Manasi Vartak

PhD Student, Database Group, MIT CSAIL

Interests: Data Analytics, Data Visualization,
Systems to Support Machine Learning



Email: mvartak _at_ csail.mit.edu
Twitter: @DataCereal


I am a PhD student in the MIT Database Group where I work on systems to support data analytics, including visualization and machine learning. My research focuses on automating and speeding up analytic tasks while keeping the human in the loop. My advisor is Sam Madden.

In the past, I've worked/interned at Microsoft, Google, and Facebook. I've also worked on genomics, clothing recommendations, and GI health monitoring devices. I am a recipient of the Facebook PhD Fellowship (2016) and the Google Anita Borg Scholarship (2013).

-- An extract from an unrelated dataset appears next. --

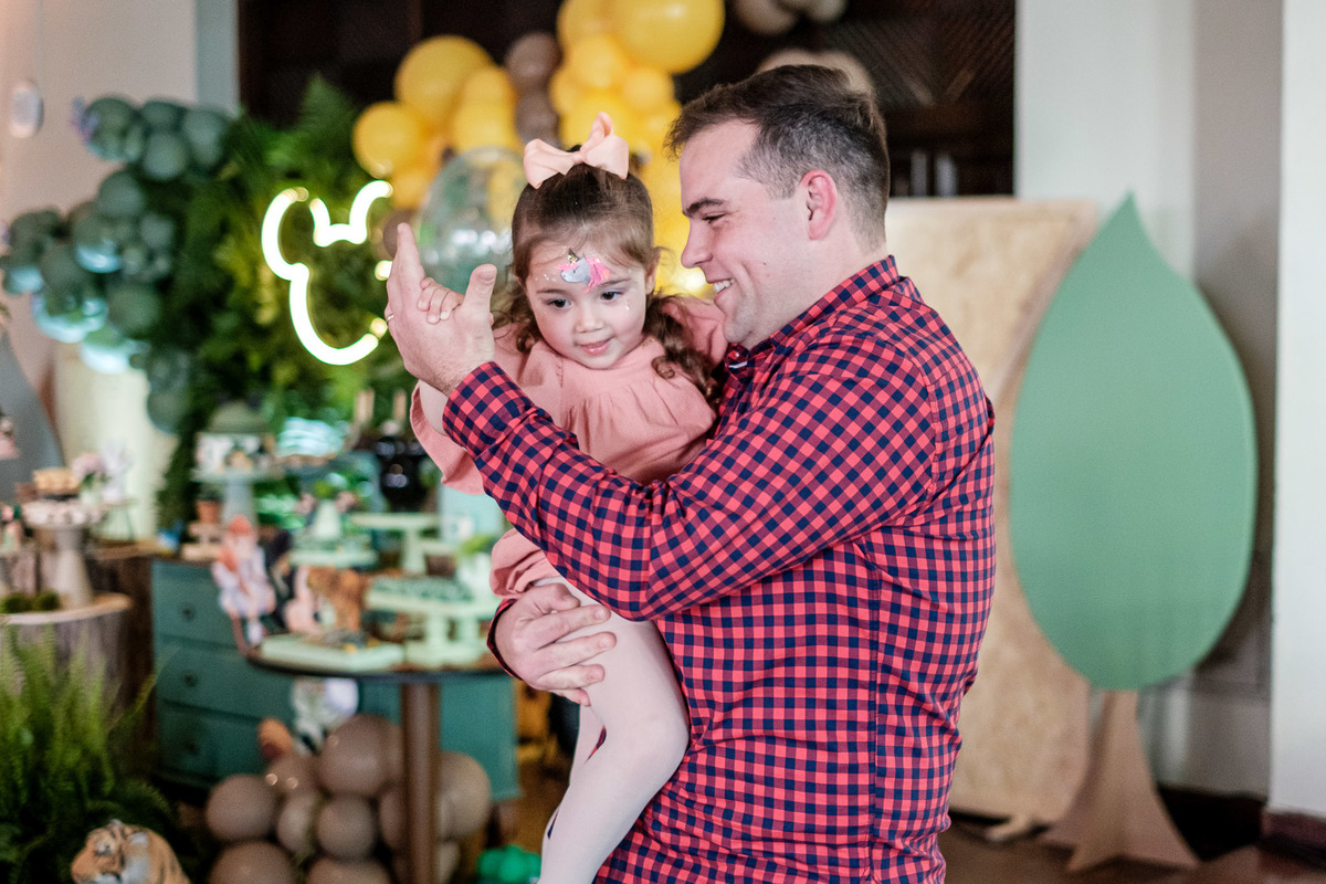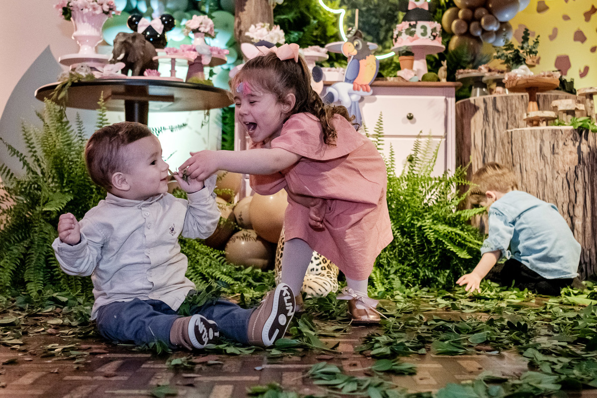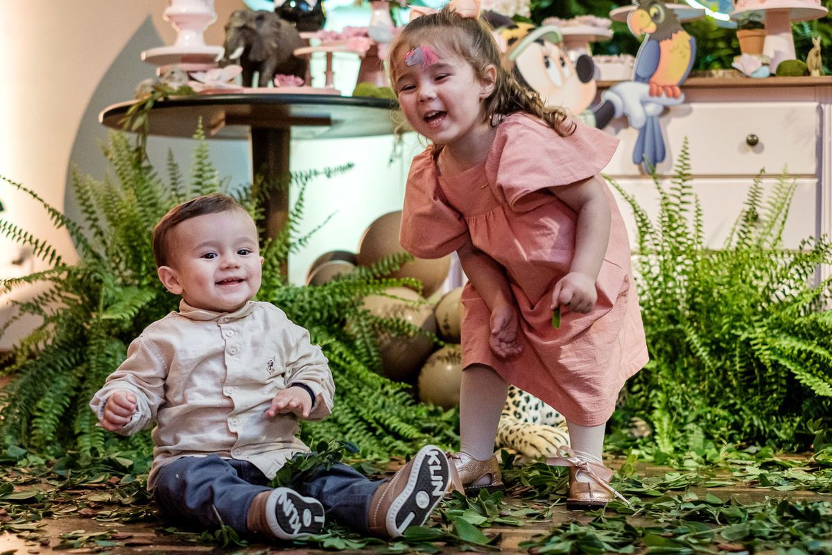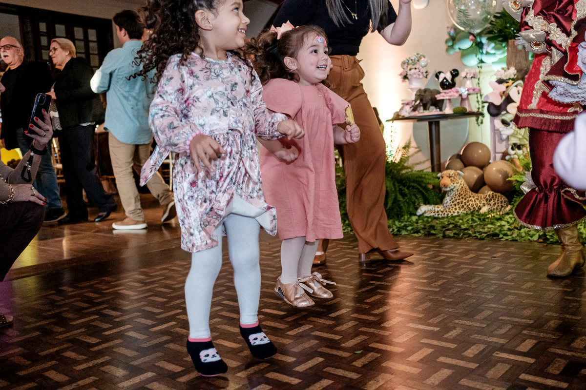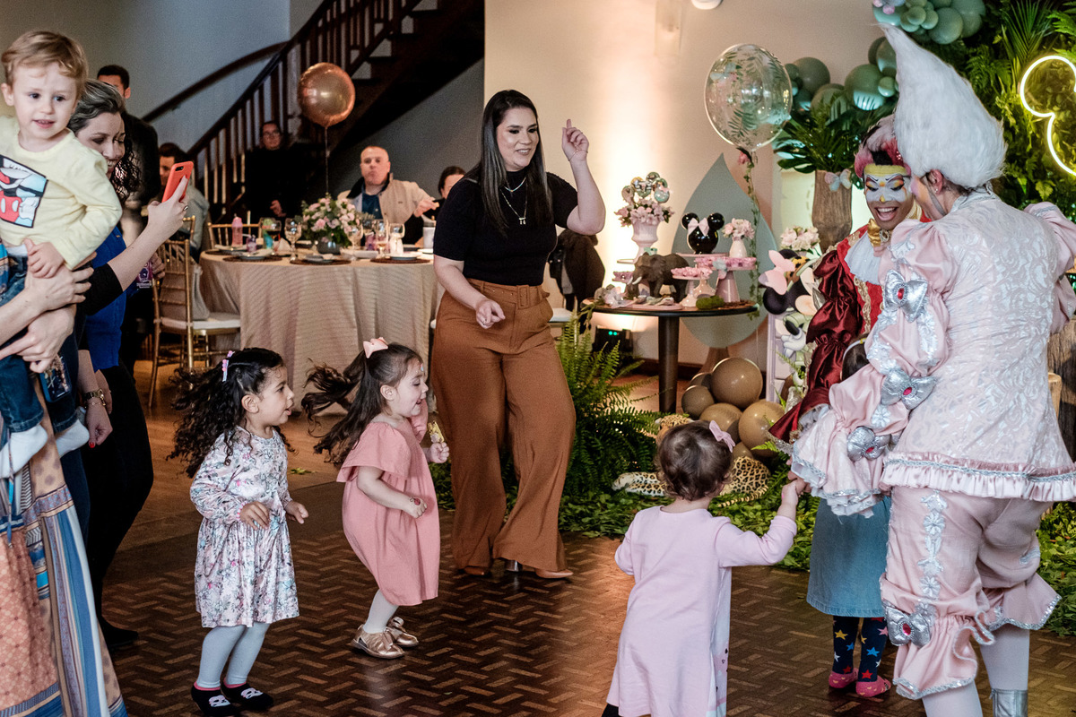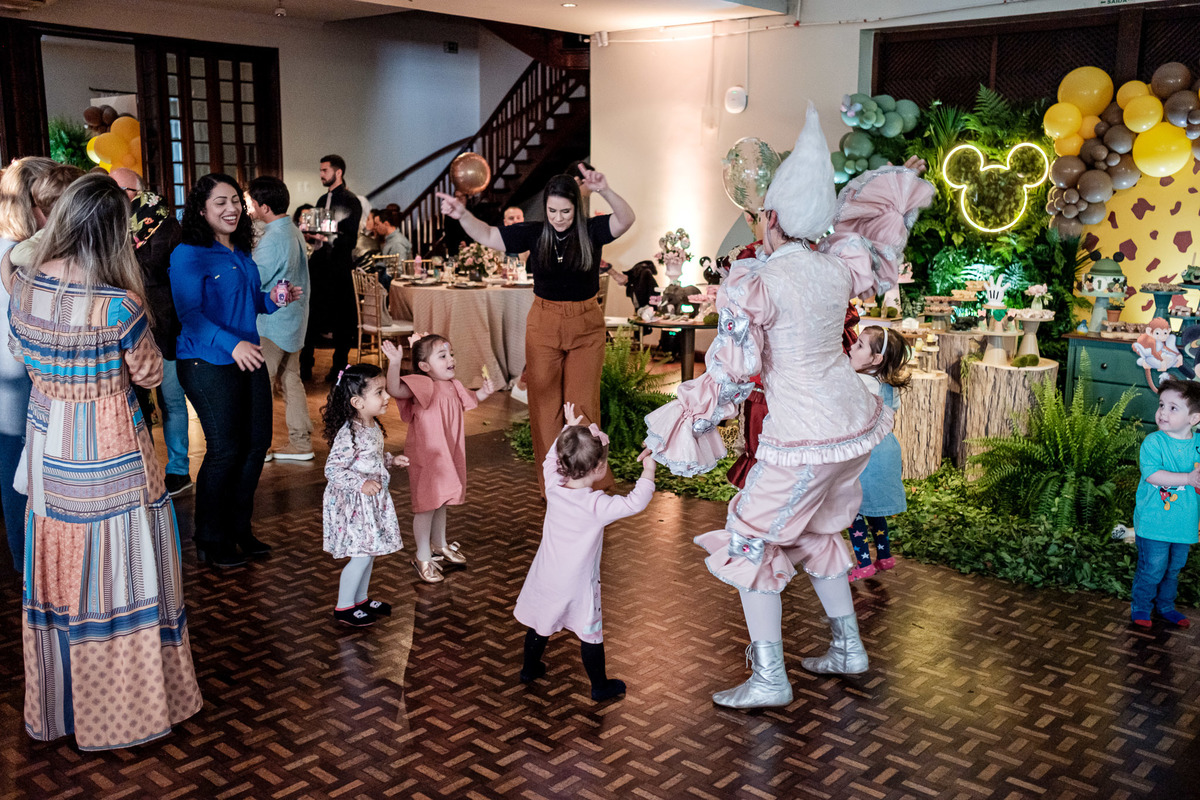 Quando chegaram ao salão de festas, Marina e Joaquim se depararam com um cenário incrível, repleto de animais selvagens, árvores e até mesmo a presença dos seus personagens favoritos, Mickey e Minnie. Marina e Joaquim se divertiram muito brincando, explorando o safari e tirando fotos com seus personagens favoritos.

SeeDB: A Data-Driven Visualization Recommender System



Data analysts often build visualizations as the first step in their analytical workflow. However, when working with high-dimensional datasets, identifying visualizations that show relevant or desired trends in data can be laborious. We propose SEEDB, a visualization recommendation engine to facilitate fast visual analysis: given a subset of data to be studied, SeeDB intelligently explores the space of visualizations, evaluates promising visualizations for trends, and recommends those it deems most “useful” or “interesting”. The two major obstacles in recommending interesting visualizations are (a) scale: evaluating a large number of candidate visualizations while responding within interactive time scales, and (b) utility: identifying an appropriate metric for assessing interestingness of visualizations. For the former, SeeDB introduces pruning optimizations to quickly identify high-utility visualizations and sharing optimizations to maximize sharing of computation across visualizations. For the latter, as a first step, we adopt a deviation-based metric for visualization utility, while indicating how we may be able to generalize it to other factors influencing utility. We implement SeeDB as a middleware layer that can run on top of any DBMS. Our experiments show that our framework can identify interesting visualizations with high accuracy. Our optimizations lead to multiple orders of magnitude speedup on relational row and column stores and provide recommendations at interactive time scales. Finally, we demonstrate via a user study the effectiveness of our deviation-based utility metric and the value of recommendations in supporting visual analytics.

Screencasts:

Publications:
SeeDB Demo, VLDB 2014
BigDawg Demo, VLDB 2015
Full Paper, PVLDB Volume 8, Issue 13

User Preferences in Visualization Recommendation

In this ongoing work, we extend SeeDB to incorporate user preferences for visualizations in terms of visualization types, visual encodings as well as trends and patterns of interest. We adapt and apply techniques from traditional recommender systems to discover user preferences in visual analysis.